The size and weight of the boxes (13-foot outside diameter, each weighing approximately 50,000 pounds) mandated the use of a 100-plus ton crane. Logistically, because of the geographical location, delivery of the box culverts was restricted to between 9 a.m. and 4 p.m. Each box had to be transported individually due to size and weight by the manufacturer from a plant located near Dallas.
Next came jacking the boxes in place. The process is quite simple, said Ritchards. Four 500-ton Rogers jacks, operating in unison, were powered by a proprietary hydraulic system. They moved the huge boxes through the shaft. A laser provided accurate monitoring of the line and grade of the string of boxes.
“Each individual box was jacked inline the total distance of 294 linear feet of the shaft, one at a time,” said Ritchards. “We did it the old-fashioned way -- hand mining via pneumatic clay shovels. Once each box exited the shaft, another was placed directly behind and pushed through. We anticipated moving approximately one box per shift. Double shifting would come later when jacking pressure became a concern.
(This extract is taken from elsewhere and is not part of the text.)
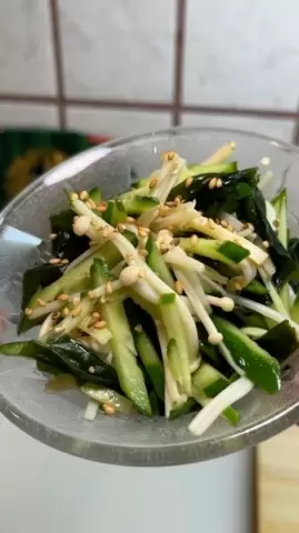 Соедините в одной миске грибы Эноки, огурец, водоросли Вакамэ и заправку, затем хорошо перемешайте. Для наилучшего эффекта оставьте закуску в холодильнике на 30 минут.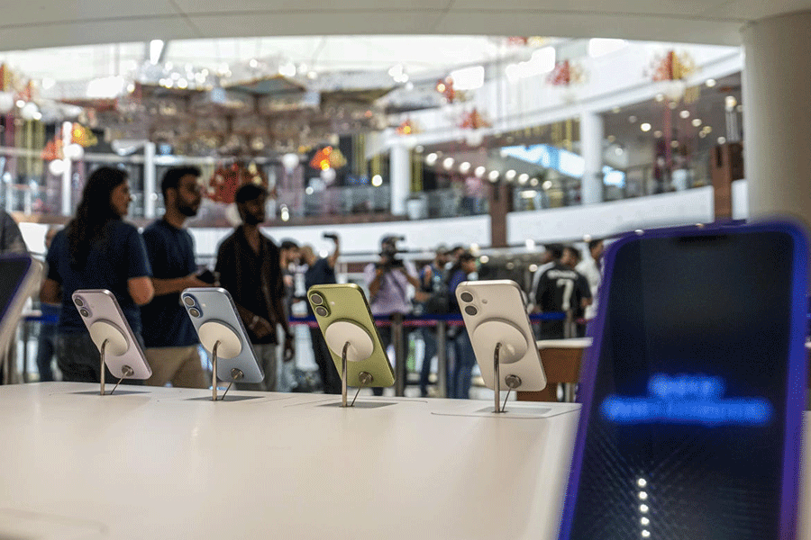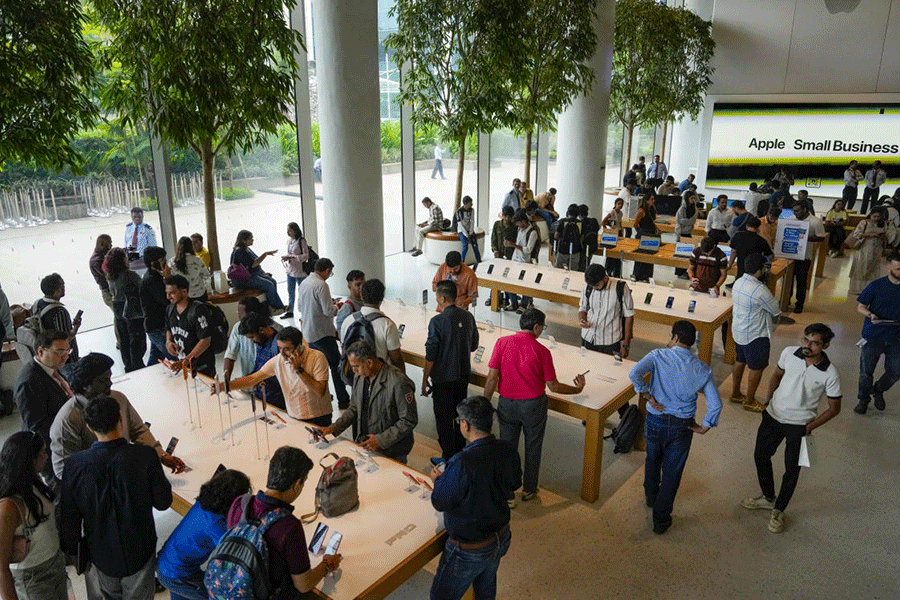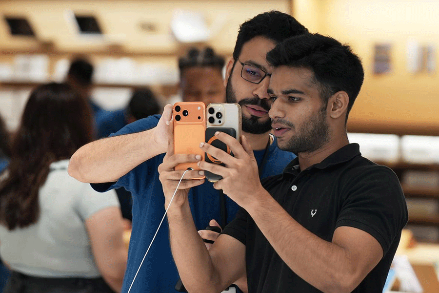 Customers check Apple’s newly-launched iPhone 17 series smartphones and other products as its sale begins, at the company’s store, in Mumbai, Friday, Sept. 19, 2025.

However, the reality became approximately one to three foot per shift due to the rocky subsurface conditions.”
With each box weighing approximately 50,000 pounds, the entire string weighed in at about 2,450,000 pounds or 1,224 tons of reinforced concrete and steel.
A primary concern during the jacking was the location and angle in which the rear of the shaft came in contact with a river bank and created a difficult situation with regard to space and design. There was concern about blowing out the back of the shaft from jacking pressures.